In Python, what is `sys.maxsize`? - python

I assumed that this number ( 2^63 - 1 ) was the maximum value python could handle, or store as a variable. But these commands seem to be working fine:
>>> sys.maxsize
9223372036854775807
>>> a=sys.maxsize + 1
>>> a
9223372036854775808
So is there any significance at all? Can Python handle arbitrarily large numbers, if computation resoruces permitt?
Note, here's the print-out of my version is:
>>> sys.version
3.5.2 |Anaconda custom (64-bit)| (default, Jul 5 2016, 11:41:13) [MSC v.1900 64 bit (AMD64)]'

Python can handle arbitrarily large integers in computation. Any integer too big to fit in 64 bits (or whatever the underlying hardware limit is) is handled in software. For that reason, Python 3 doesn't have a sys.maxint constant.
The value sys.maxsize, on the other hand, reports the platform's pointer size, and that limits the size of Python's data structures such as strings and lists.

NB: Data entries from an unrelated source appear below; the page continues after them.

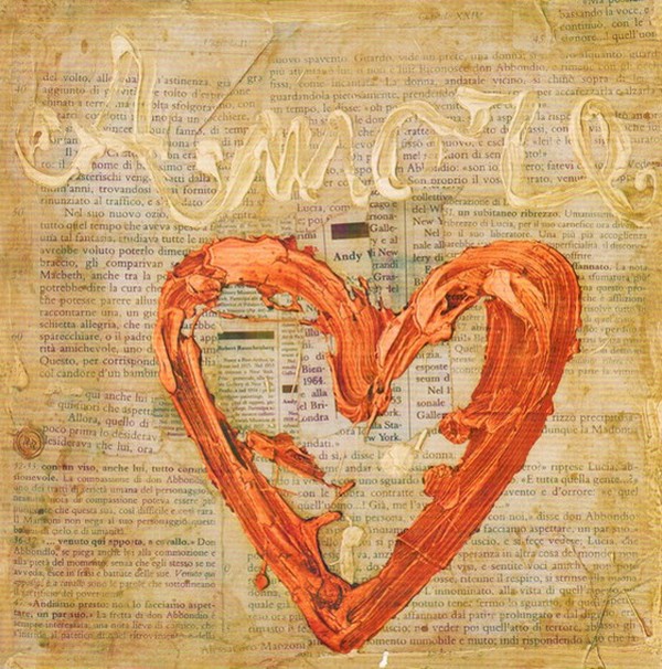 Obrázek 30x30, srdce amore, rám bílý s patinou
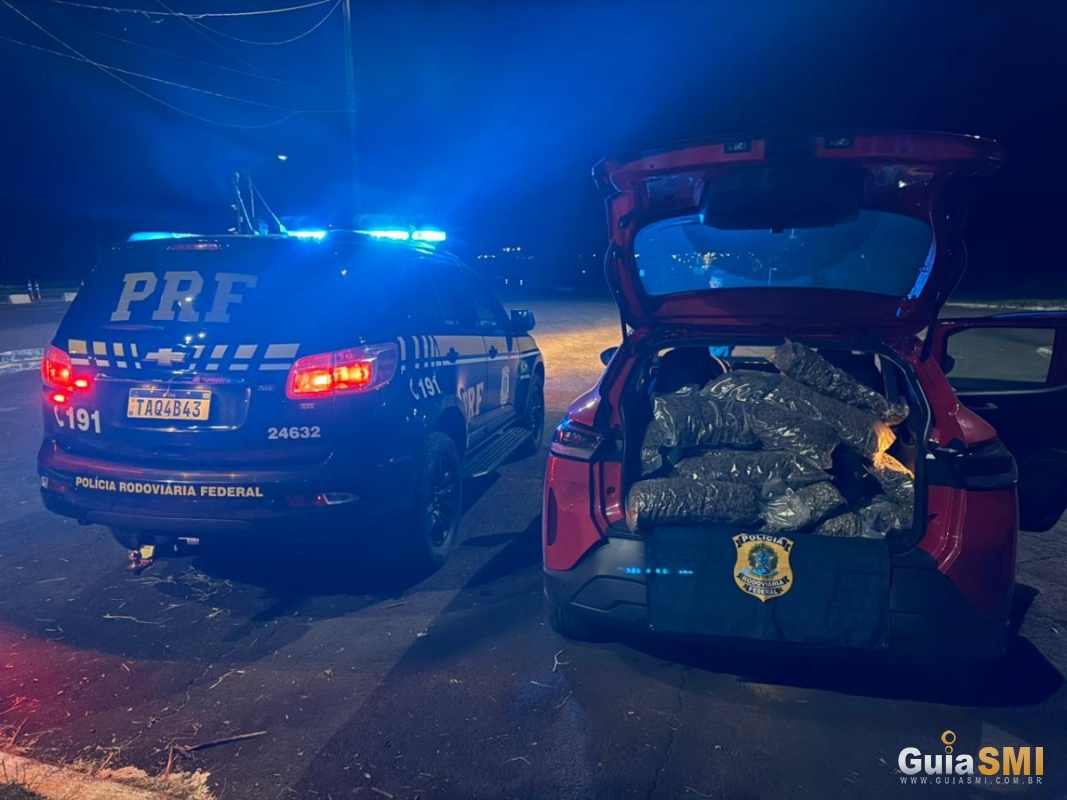 Durante a abordagem, o motorista demonstrava forte nervosismo, e os policiais notaram odor intenso de maconha vindo do interior do veículo. Em revista ao carro, foram encontrados 62 quilos de maconha prensada e 26 quilos de skunk, distribuídos no banco traseiro e no porta-malas.
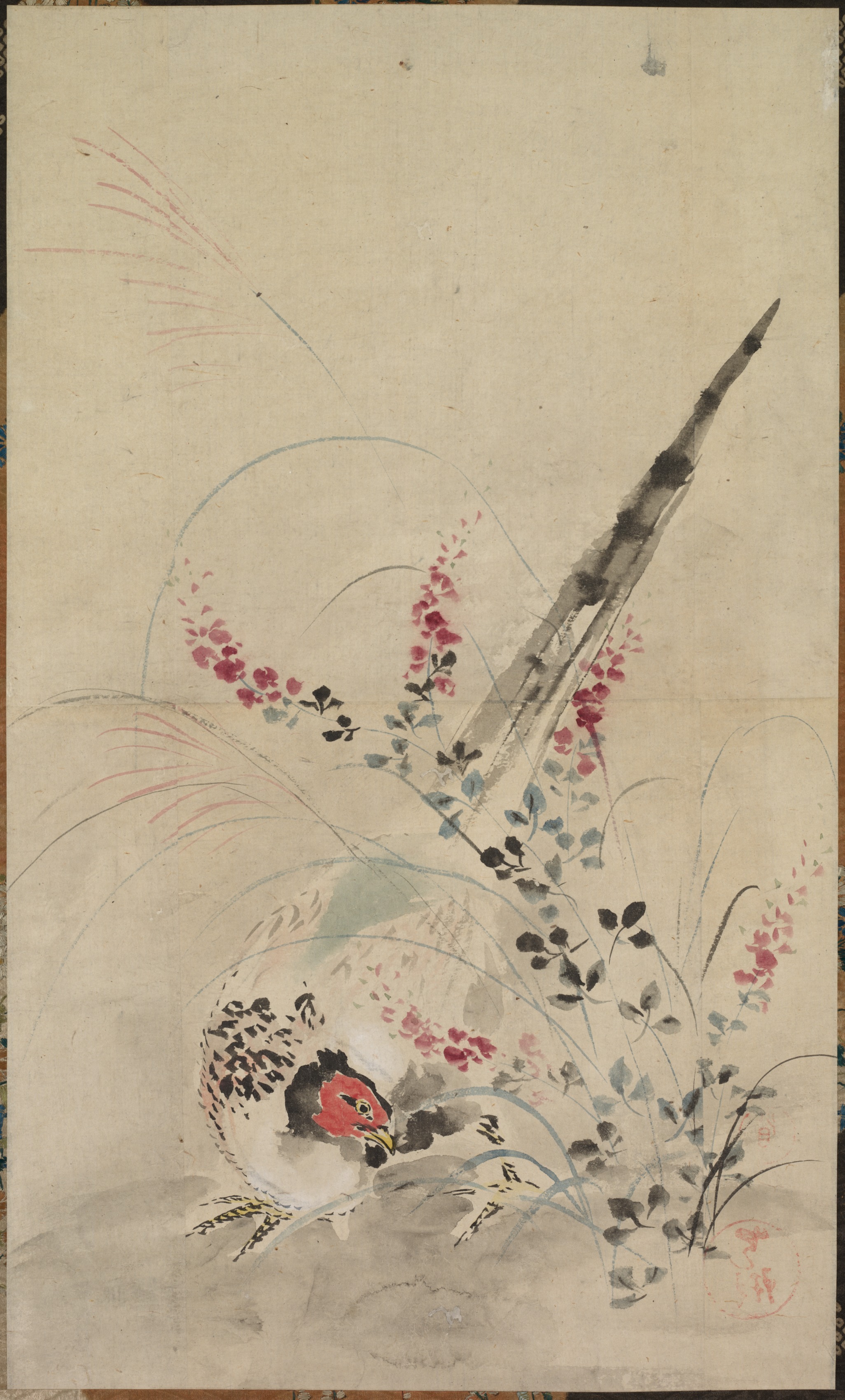 A painting of a pheasant facing right, with white body, black spots on body and tail, and red face. The pheasant is surrounded by grasses and pink flowers. The background is beige with some darker spots and lines. There are curved blue lines behind the pheasant and plants. A red seal stamp is in the bottom right corner.
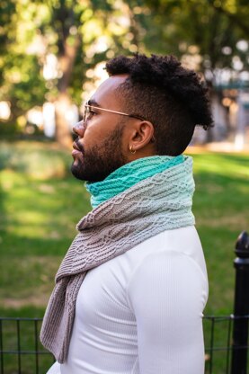 The best thing about tube scarves - no wrong side! Gigue Scarf is worked in the round with an all-over twisted traveling stitch pattern. Easily modifiable for length and width, Gigue can work with a wide variety of yarn options.
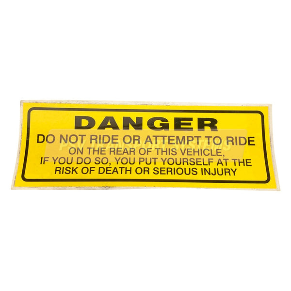 Danger, Do Not Ride or attempt to ride on the rear of this vehicle, if you do so, you put yourself at the risk of death or serious injury Sticker....
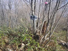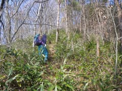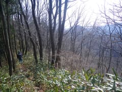 ここから小さな登り降りのある尾根をしばらく辿る。最後は音羽山への急坂となり、ササに覆われた尾根を一気に上がると、平坦な頂上稜線の左肩に登り着く。平坦な稜線を右(東)に辿ると、三角点のある音羽山の頂上に着く。
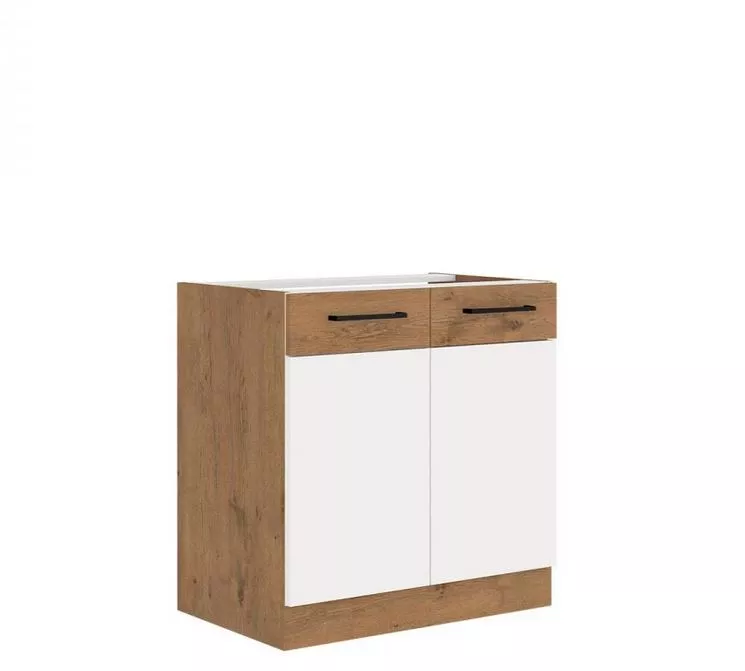 Kuchyňská skříňka pod dřez 80 cm ZHILAN - dub lancelot / lesklá bílá
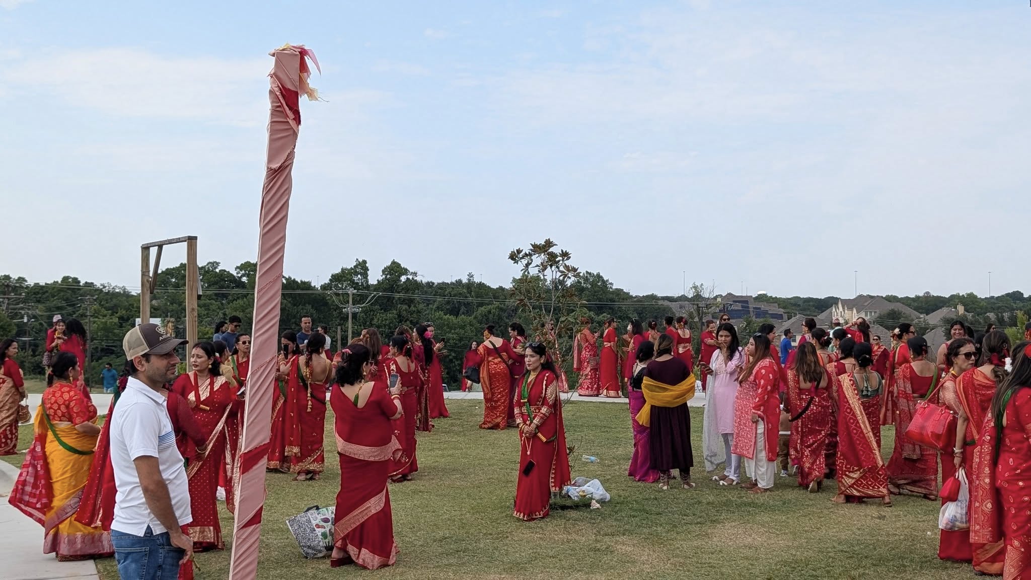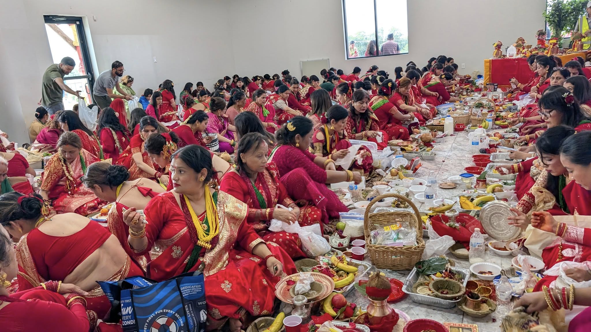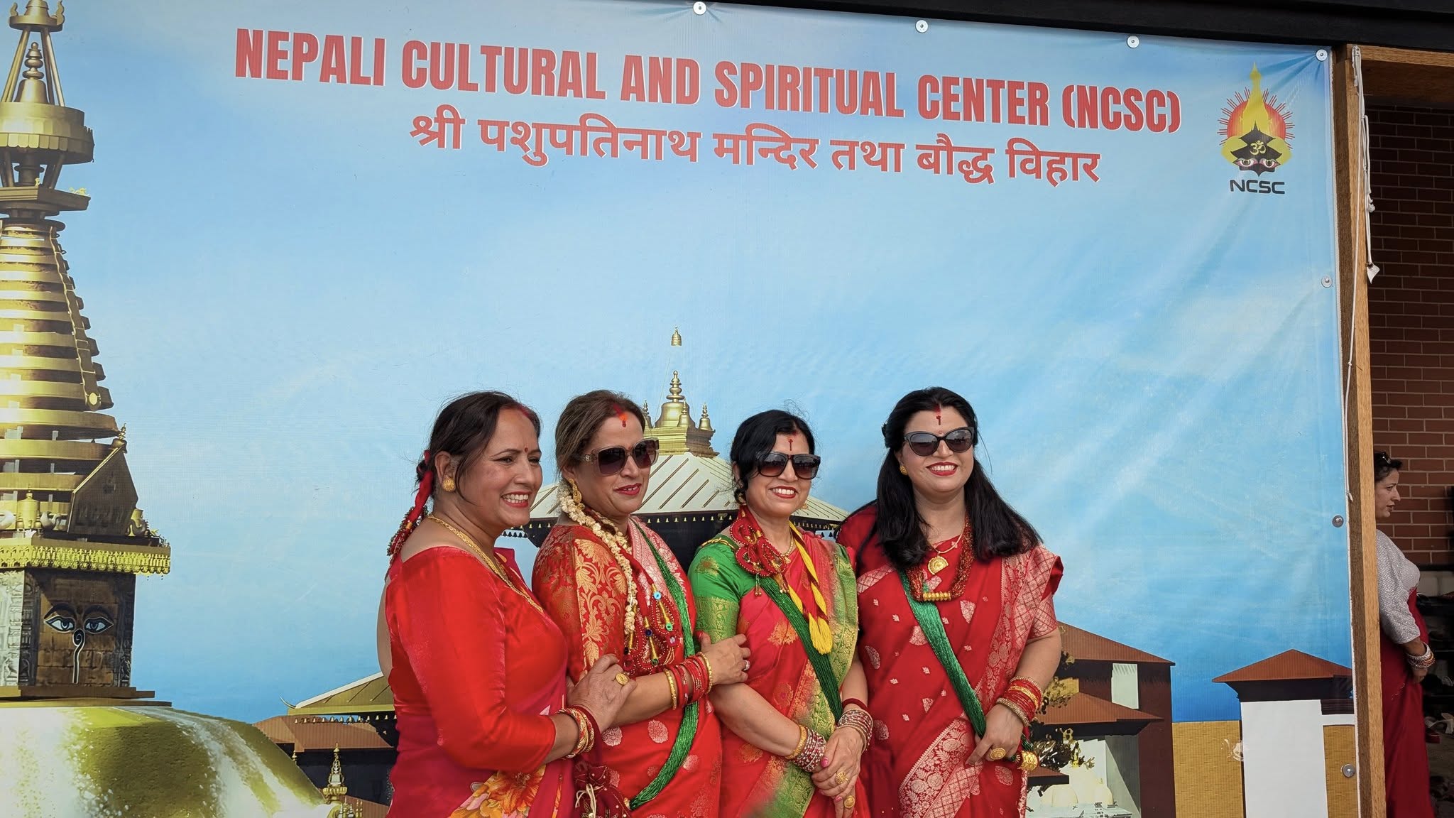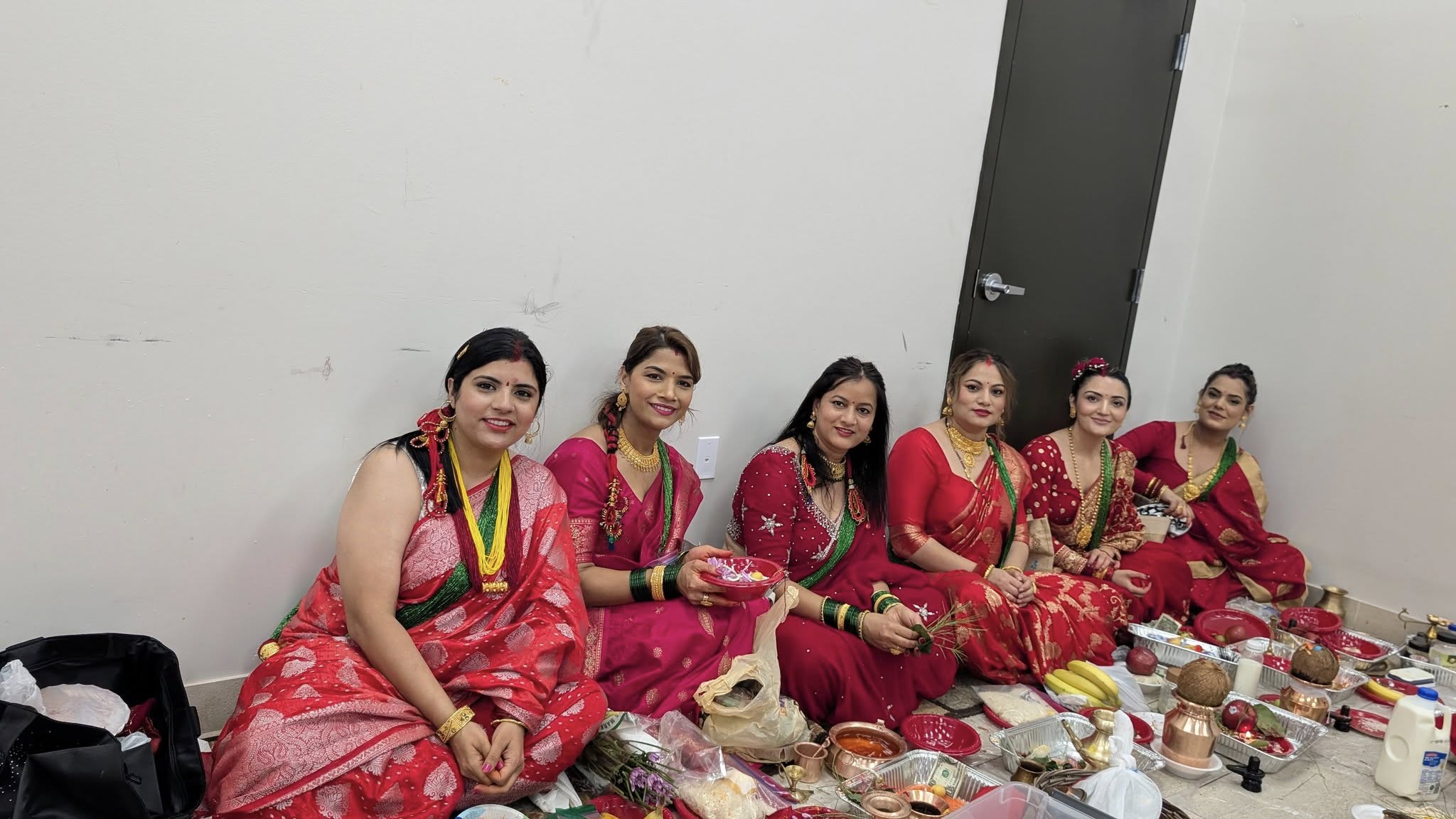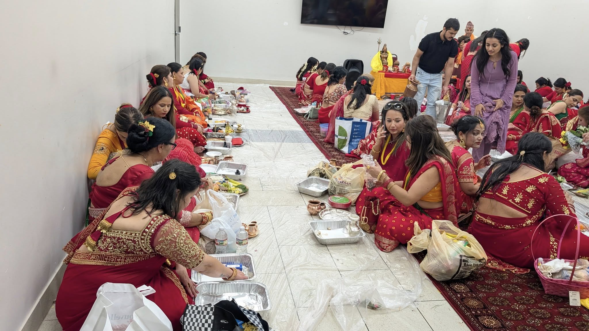अमेरिकाको ड्लासमा तीजको पूजामा संलग्न व्रतालु महिलाहरू ।

Documentation for sys.maxsize:
An integer giving the maximum value a variable of type Py_ssize_t can take. It’s usually 2**31 - 1 on a 32-bit platform and 2**63 - 1 on a 64-bit platform. python3
The largest positive integer supported by the platform’s Py_ssize_t type, and thus the maximum size lists, strings, dicts, and many other containers can have. python2
What is Py_ssize_t?
It is an index type (number type for indexing things, like lists). It is the signed version of size_t (from the C language).
We don't use a normal number/ int, because this is unbounded in Python.
In Python, we don't use size_t because we want to support negative indexing, in Python we can do my_list[-4:]. So Py_ssize_t provides negative and positive numbers between a range.
The _t stands for type, to inform developers that size_t is a type name, not a variable. Just a convention.
So what is the effect of having a limit on Py_ssize_t? Why does this limit list, strings, dict size?
There is no way to index a list with an element larger than this. The list cannot get bigger than this, because it won't accept a non Py_ssize_t.
In the dictionary case, Py_ssize_t is used as the hash. Python doesn't use linked lists in its dictionary implementation, it uses Open Addressing/ probing, where if a collision is found, we a systematic way of getting another place to find the key and put the value. So you can't have more than Py_ssize_t in a dictionary in Python.
In all practical cases (64 bit machines aka. probably you), you will run out of memory before you max out Py_ssize_t. Trying dict.fromkeys(range(sys.maxsize + 5)) never got there, it just slowed my computer down.

Related

What is the largest value Python 3's int can hold?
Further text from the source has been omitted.